[[ Input data, beginning ]]

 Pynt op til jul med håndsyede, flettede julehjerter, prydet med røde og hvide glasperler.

[[ Input data, end ]]
[[ Input data, beginning ]]

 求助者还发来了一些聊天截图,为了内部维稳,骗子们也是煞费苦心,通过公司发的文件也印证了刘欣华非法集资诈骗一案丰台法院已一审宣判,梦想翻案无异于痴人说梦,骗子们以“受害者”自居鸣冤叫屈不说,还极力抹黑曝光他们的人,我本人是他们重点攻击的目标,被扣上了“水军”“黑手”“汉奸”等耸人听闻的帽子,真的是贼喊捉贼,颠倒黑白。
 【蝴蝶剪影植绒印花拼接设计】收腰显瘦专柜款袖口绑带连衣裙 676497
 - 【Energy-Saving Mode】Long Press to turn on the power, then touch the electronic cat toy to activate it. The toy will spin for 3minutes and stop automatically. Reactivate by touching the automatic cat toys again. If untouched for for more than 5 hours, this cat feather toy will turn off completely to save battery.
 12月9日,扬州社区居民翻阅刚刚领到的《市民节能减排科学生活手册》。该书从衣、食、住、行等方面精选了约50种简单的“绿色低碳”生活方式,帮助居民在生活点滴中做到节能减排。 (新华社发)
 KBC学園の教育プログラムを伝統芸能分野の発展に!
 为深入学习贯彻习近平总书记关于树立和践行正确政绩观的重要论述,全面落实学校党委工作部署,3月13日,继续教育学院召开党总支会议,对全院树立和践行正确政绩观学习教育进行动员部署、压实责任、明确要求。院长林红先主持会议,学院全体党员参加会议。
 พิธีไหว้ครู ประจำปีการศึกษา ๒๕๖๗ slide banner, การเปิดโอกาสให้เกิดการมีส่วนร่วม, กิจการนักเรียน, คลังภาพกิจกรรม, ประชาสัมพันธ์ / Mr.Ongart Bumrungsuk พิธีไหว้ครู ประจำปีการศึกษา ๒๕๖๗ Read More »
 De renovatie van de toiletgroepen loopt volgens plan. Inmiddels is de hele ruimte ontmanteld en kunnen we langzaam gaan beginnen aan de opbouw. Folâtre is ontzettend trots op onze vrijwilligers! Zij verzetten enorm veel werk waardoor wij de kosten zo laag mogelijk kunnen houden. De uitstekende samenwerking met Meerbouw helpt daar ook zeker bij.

[[ Input data, end ]]
[[ Input data, beginning ]]

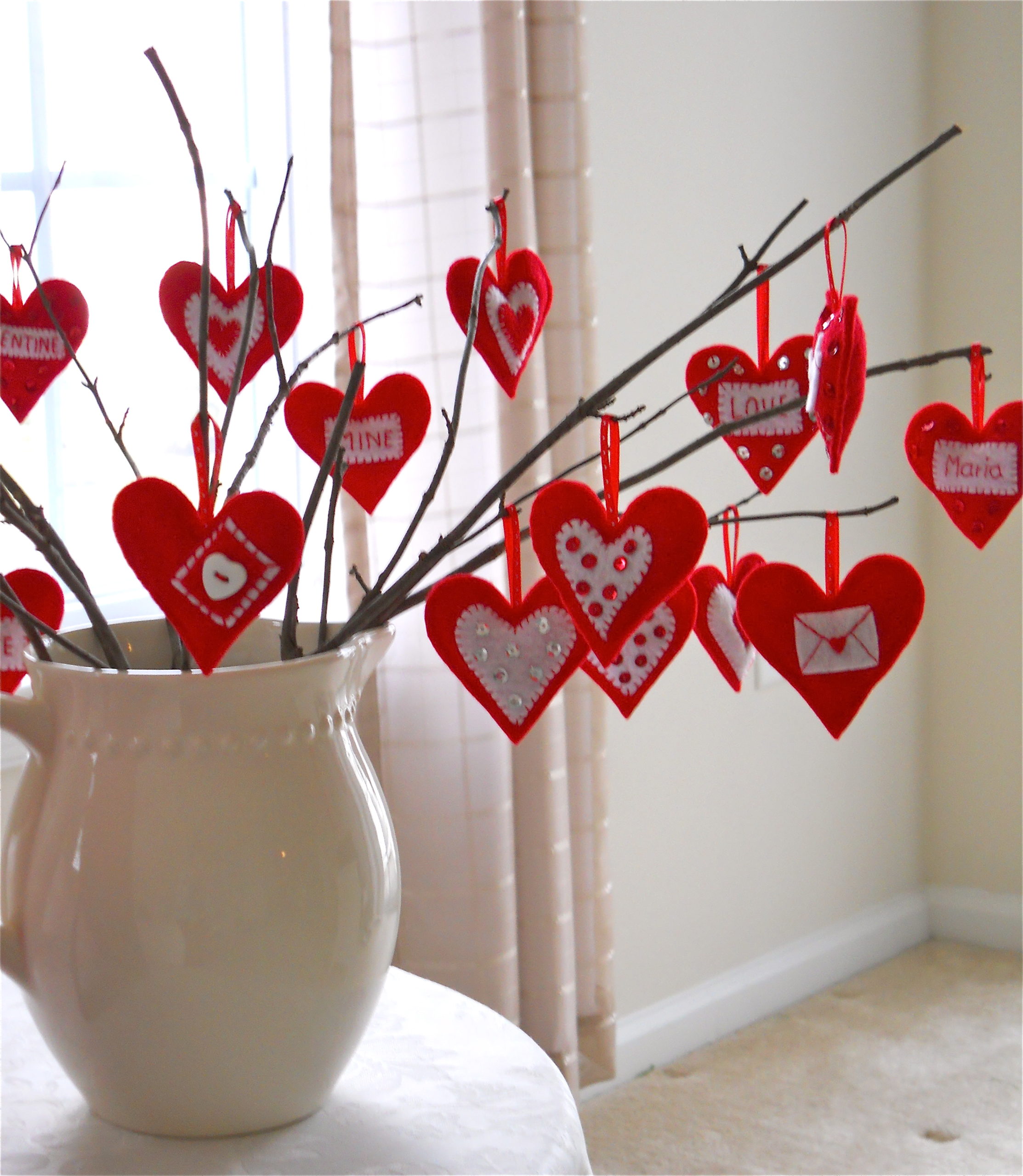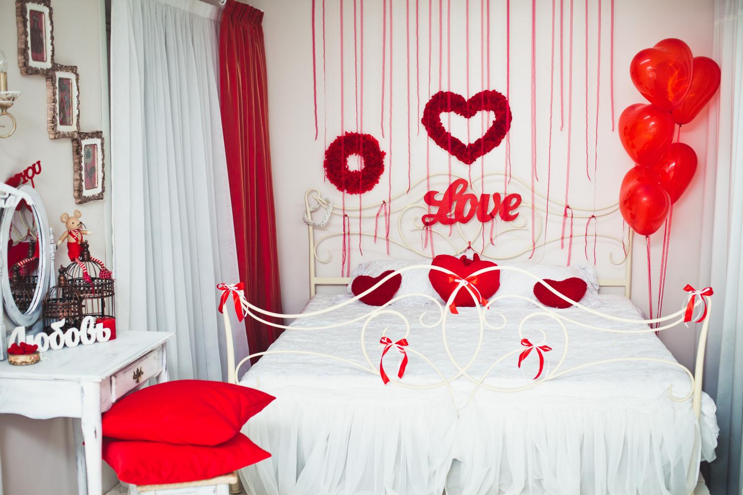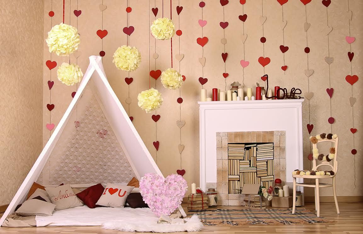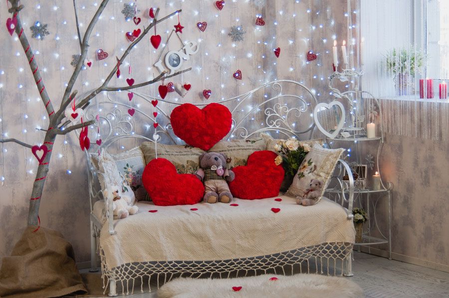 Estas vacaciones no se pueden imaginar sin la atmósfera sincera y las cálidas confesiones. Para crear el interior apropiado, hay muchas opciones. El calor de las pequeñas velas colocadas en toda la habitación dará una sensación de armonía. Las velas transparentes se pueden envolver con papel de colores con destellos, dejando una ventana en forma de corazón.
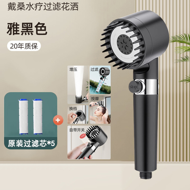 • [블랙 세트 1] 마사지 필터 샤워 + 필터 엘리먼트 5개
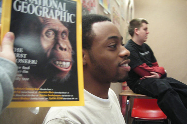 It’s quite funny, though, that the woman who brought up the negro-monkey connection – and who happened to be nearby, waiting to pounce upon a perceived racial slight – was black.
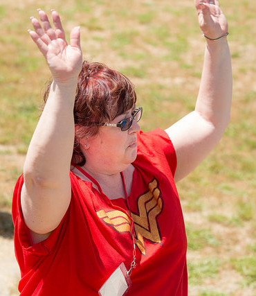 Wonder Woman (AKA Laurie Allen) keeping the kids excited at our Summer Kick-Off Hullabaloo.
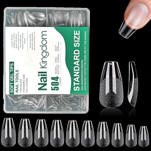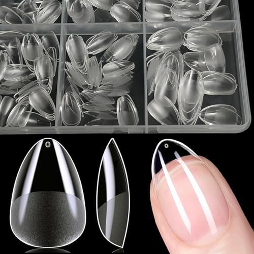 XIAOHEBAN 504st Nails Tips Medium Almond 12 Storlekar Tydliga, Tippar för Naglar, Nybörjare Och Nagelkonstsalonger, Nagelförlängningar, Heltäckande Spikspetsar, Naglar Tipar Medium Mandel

[[ Input data, end ]]

*Description of the task*.
For this task, return exactly the stretch of the listing above from the line with "It’s quite funny, though, that" through the line with "XIAOHEBAN 504st Nails", inclusive and without pictures.

*Written answer*.
 It’s quite funny, though, that the woman who brought up the negro-monkey connection – and who happened to be nearby, waiting to pounce upon a perceived racial slight – was black.
 Wonder Woman (AKA Laurie Allen) keeping the kids excited at our Summer Kick-Off Hullabaloo.
 XIAOHEBAN 504st Nails Tips Medium Almond 12 Storlekar Tydliga, Tippar för Naglar, Nybörjare Och Nagelkonstsalonger, Nagelförlängningar, Heltäckande Spikspetsar, Naglar Tipar Medium Mandel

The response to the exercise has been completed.